Наконец, как человек Павел Флоренский так и не мог для себя решить вопрос о неизбежности окончательного спасения мира; эта нерешительность проявляется и в его учении. С одной стороны, он вроде бы признает, что «жизнь каждого из нас, и народов, и человечества ведется Благою Волею, так что не следует беспокоиться ни о чем, помимо задач сегодняшнего дня», с другой – он приходит к представлению о периодической смене эпох добра и зла, «Средневековья» и «Возрождения» [226]. С одной стороны, он пишет, что в каждом человеке есть искра Божия, что «тварь Божия – личность, и она должна быть спасена», с другой – что злой характер человека «есть именно то, что мешает личности быть спасенной» [227]. Человек Богом постоянно испытывается, но спасается он или нет, зависит от него самого, от его характера [228].

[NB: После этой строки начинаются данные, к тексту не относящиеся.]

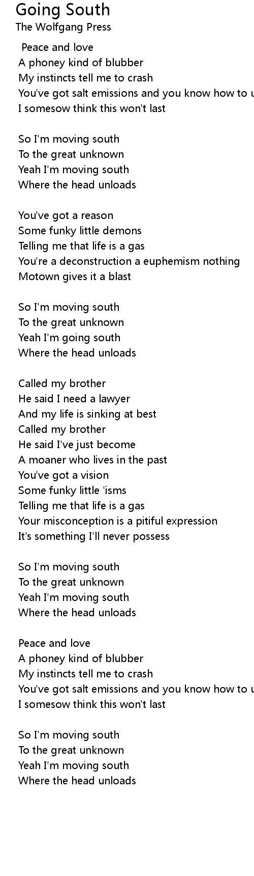 Yeah I'm moving south |
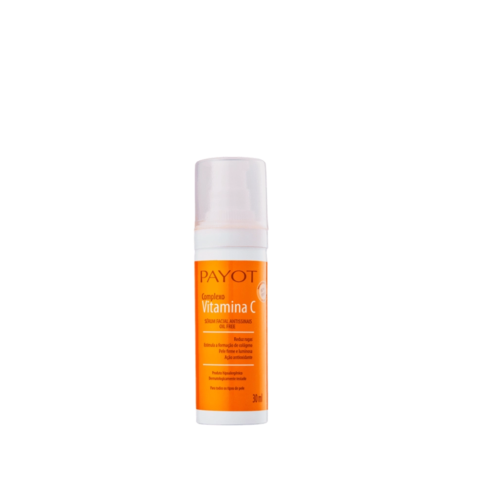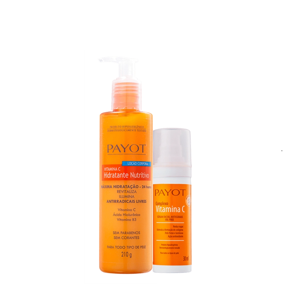 O Complexo Vitamina C, da Payot, penetra profundamente na pele para estimular a produção de colágeno, melhorar a elasticidade e deixar uma aparência jovem e fresca. Combate a ação dos radicais livres para evitar o surgimento de rugas e linhas finas, além de atenuar as já existentes.Ação Loção hidratante Payot Vitamina C Nutritivo Corporal mantém a pele protegida, suaviza e garante sensação confortável. Além disso, restaura a vitalidade e deixa um toque aveludado no corpo. Ideal para quem deseja melhorar a qualidade da pele. Produto hipoalergênico. Contém Payot Complexo Vitamina C - Sérum Anti-Idade 30ml: para todos os tipos de pele, confere firmeza, luminosidade e hidratação intensa, além de reduzir a aparência dos sinais de idade e prevenir o envelhecimento precoce. Payot Complexo Vitamina C - Loção Hidratante Corporal 210g: promove maciez, ajuda a manter elasticidade e estimula a manutenção do colágeno. Como Usar Conselho de aplicação Aplique o serum anti-idade sobre a pele limpa, de maneira uniforme, pela manhã e pela noite. Aplique a loção hidratante no corpo e massageie até a absorção do produto. Passe o hidratante logo após o banho, pois, nesse momento, os poros da pele ainda estão um pouco mais abertos, o que facilita a penetração da fórmula. Payot Complexo Vitamina C Sérum Anti-Idade 30ml e Loção Hidratante Corporal 210g

Стоит обратить внимание на то, что личность Павла Флоренского не предшествует всей этой работе и колебаниям. Она становится в этих процессах. Но не столько сама собой, сколько в напряженной работе мысли, в разумно конституируемом образе жизни. С одной стороны, Павел продумывает проблемы и дилеммы веры и науки, пишет «Столп и утверждение истины», с другой – сверяет свою жизнь с символом православной веры. Для Флоренского личность – это, действительно, самоопределение человека, но также свобода и духовность от Бога.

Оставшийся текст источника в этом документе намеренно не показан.